• Exercise brief
Restate the data word for word. Leave the pictures out.

• Given information
#####

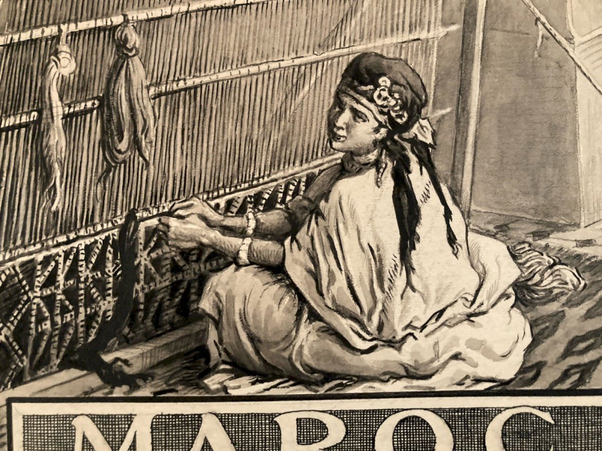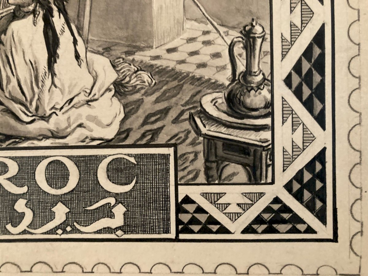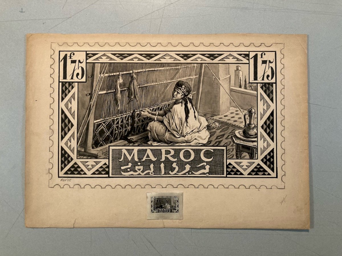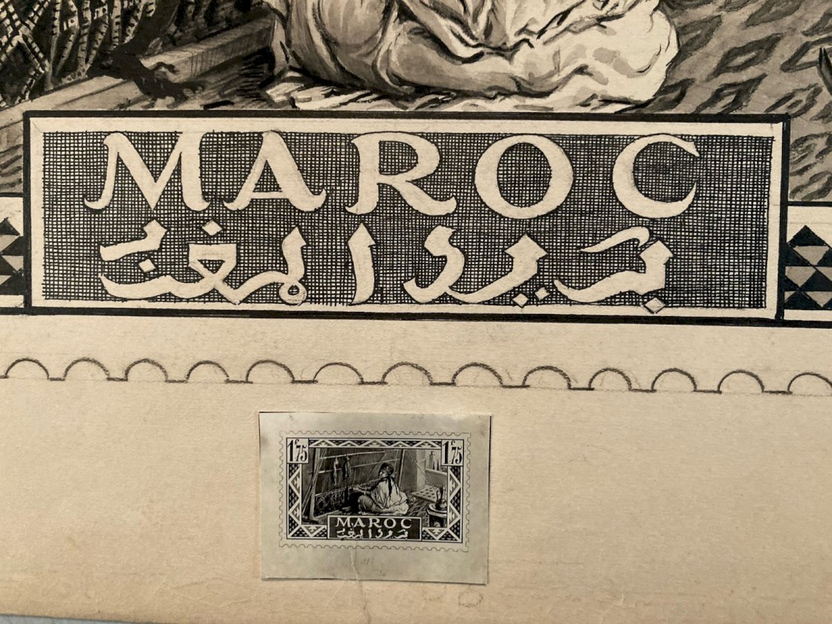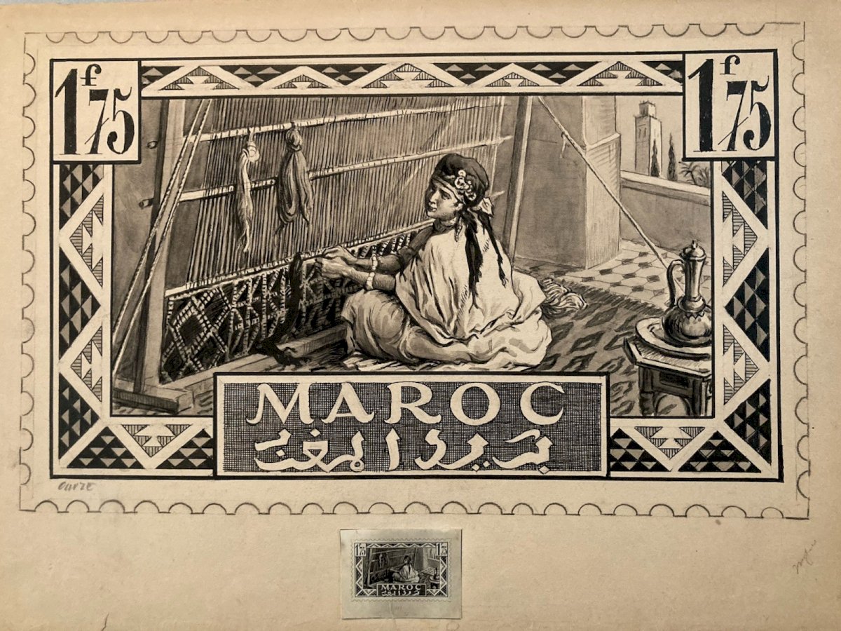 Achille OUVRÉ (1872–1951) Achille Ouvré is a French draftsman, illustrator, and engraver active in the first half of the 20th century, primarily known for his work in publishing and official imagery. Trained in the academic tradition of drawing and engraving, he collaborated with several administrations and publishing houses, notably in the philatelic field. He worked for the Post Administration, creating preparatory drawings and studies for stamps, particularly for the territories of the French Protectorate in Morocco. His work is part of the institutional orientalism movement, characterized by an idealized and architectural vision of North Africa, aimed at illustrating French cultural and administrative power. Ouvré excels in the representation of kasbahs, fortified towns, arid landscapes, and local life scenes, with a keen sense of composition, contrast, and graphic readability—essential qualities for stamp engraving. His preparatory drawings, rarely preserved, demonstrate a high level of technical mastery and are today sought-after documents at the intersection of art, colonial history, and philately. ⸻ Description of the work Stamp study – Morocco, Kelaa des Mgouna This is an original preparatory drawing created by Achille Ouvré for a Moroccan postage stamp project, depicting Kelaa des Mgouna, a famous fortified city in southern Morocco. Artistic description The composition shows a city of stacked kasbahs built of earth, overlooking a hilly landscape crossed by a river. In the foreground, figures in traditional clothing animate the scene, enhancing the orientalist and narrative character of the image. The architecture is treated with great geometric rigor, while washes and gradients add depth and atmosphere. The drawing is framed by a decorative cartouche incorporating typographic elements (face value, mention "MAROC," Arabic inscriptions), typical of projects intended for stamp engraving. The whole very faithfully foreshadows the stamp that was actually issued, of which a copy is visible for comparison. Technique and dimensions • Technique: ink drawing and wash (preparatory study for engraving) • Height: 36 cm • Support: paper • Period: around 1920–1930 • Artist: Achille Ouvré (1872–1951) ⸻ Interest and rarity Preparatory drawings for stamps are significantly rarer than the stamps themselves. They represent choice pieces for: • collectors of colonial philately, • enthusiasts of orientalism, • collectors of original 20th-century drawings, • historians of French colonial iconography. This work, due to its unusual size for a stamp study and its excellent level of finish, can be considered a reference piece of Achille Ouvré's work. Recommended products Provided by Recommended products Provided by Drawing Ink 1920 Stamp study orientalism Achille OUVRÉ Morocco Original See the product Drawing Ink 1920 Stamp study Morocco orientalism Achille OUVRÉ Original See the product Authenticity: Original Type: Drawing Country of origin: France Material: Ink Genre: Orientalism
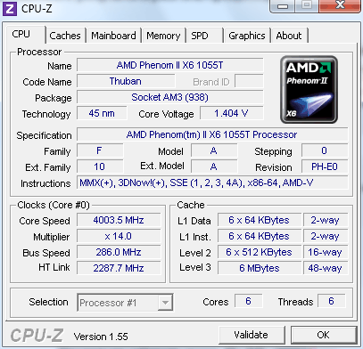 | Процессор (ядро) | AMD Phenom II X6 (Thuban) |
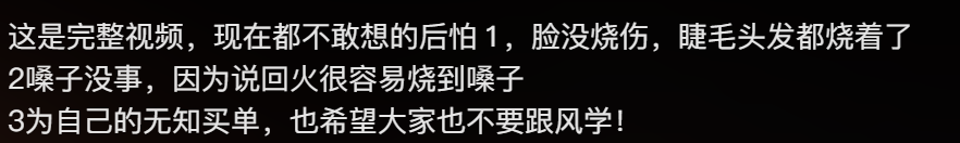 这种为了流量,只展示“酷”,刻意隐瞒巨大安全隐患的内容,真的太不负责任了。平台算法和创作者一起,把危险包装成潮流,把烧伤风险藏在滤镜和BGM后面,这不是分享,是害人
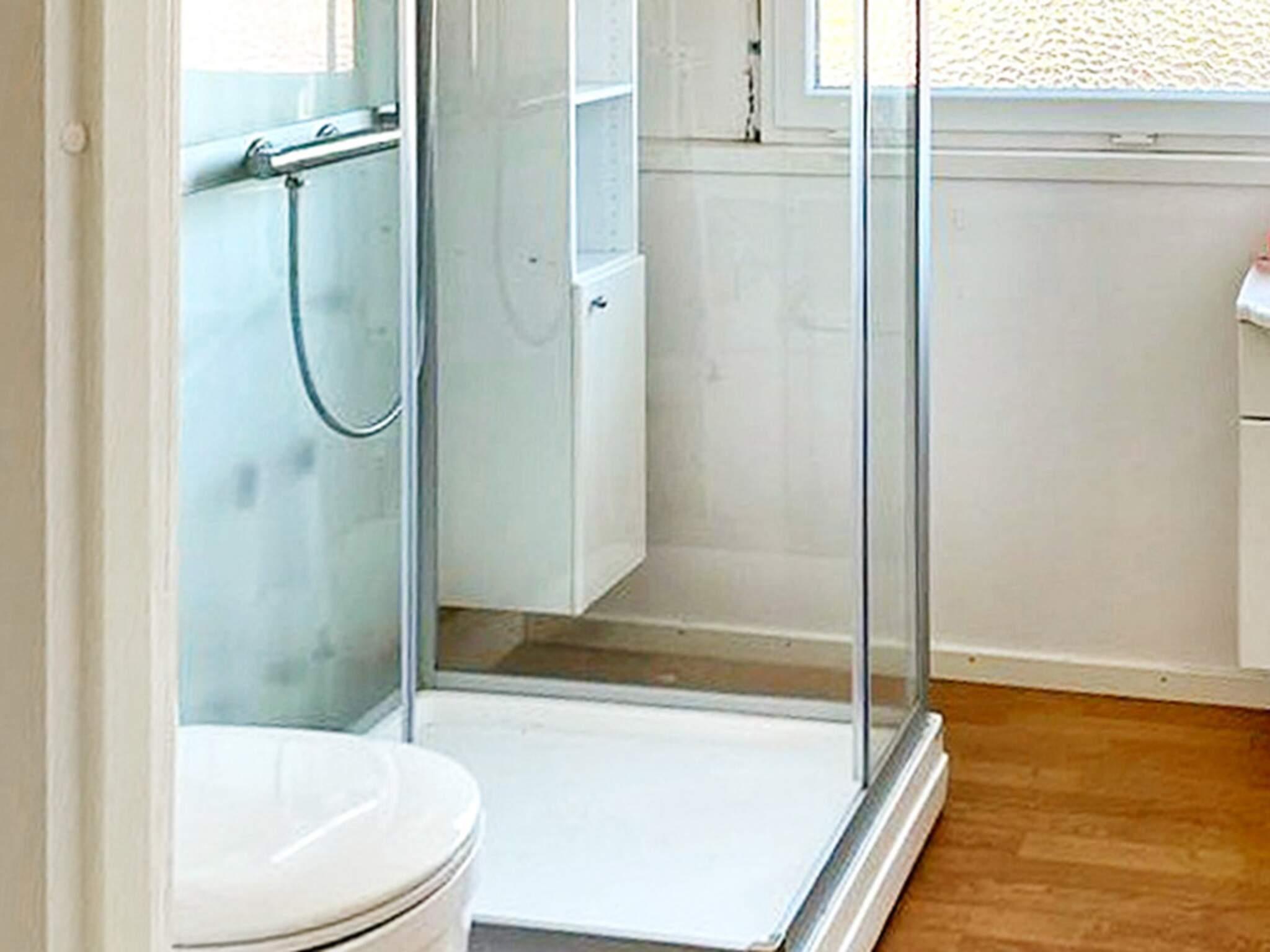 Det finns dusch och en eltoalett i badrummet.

#####

• Answer to this task
 Achille OUVRÉ (1872–1951) Achille Ouvré is a French draftsman, illustrator, and engraver active in the first half of the 20th century, primarily known for his work in publishing and official imagery. Trained in the academic tradition of drawing and engraving, he collaborated with several administrations and publishing houses, notably in the philatelic field. He worked for the Post Administration, creating preparatory drawings and studies for stamps, particularly for the territories of the French Protectorate in Morocco. His work is part of the institutional orientalism movement, characterized by an idealized and architectural vision of North Africa, aimed at illustrating French cultural and administrative power. Ouvré excels in the representation of kasbahs, fortified towns, arid landscapes, and local life scenes, with a keen sense of composition, contrast, and graphic readability—essential qualities for stamp engraving. His preparatory drawings, rarely preserved, demonstrate a high level of technical mastery and are today sought-after documents at the intersection of art, colonial history, and philately. ⸻ Description of the work Stamp study – Morocco, Kelaa des Mgouna This is an original preparatory drawing created by Achille Ouvré for a Moroccan postage stamp project, depicting Kelaa des Mgouna, a famous fortified city in southern Morocco. Artistic description The composition shows a city of stacked kasbahs built of earth, overlooking a hilly landscape crossed by a river. In the foreground, figures in traditional clothing animate the scene, enhancing the orientalist and narrative character of the image. The architecture is treated with great geometric rigor, while washes and gradients add depth and atmosphere. The drawing is framed by a decorative cartouche incorporating typographic elements (face value, mention "MAROC," Arabic inscriptions), typical of projects intended for stamp engraving. The whole very faithfully foreshadows the stamp that was actually issued, of which a copy is visible for comparison. Technique and dimensions • Technique: ink drawing and wash (preparatory study for engraving) • Height: 36 cm • Support: paper • Period: around 1920–1930 • Artist: Achille Ouvré (1872–1951) ⸻ Interest and rarity Preparatory drawings for stamps are significantly rarer than the stamps themselves. They represent choice pieces for: • collectors of colonial philately, • enthusiasts of orientalism, • collectors of original 20th-century drawings, • historians of French colonial iconography. This work, due to its unusual size for a stamp study and its excellent level of finish, can be considered a reference piece of Achille Ouvré's work. Recommended products Provided by Recommended products Provided by Drawing Ink 1920 Stamp study orientalism Achille OUVRÉ Morocco Original See the product Drawing Ink 1920 Stamp study Morocco orientalism Achille OUVRÉ Original See the product Authenticity: Original Type: Drawing Country of origin: France Material: Ink Genre: Orientalism
 | Процессор (ядро) | AMD Phenom II X6 (Thuban) |
 这种为了流量,只展示“酷”,刻意隐瞒巨大安全隐患的内容,真的太不负责任了。平台算法和创作者一起,把危险包装成潮流,把烧伤风险藏在滤镜和BGM后面,这不是分享,是害人
 Det finns dusch och en eltoalett i badrummet.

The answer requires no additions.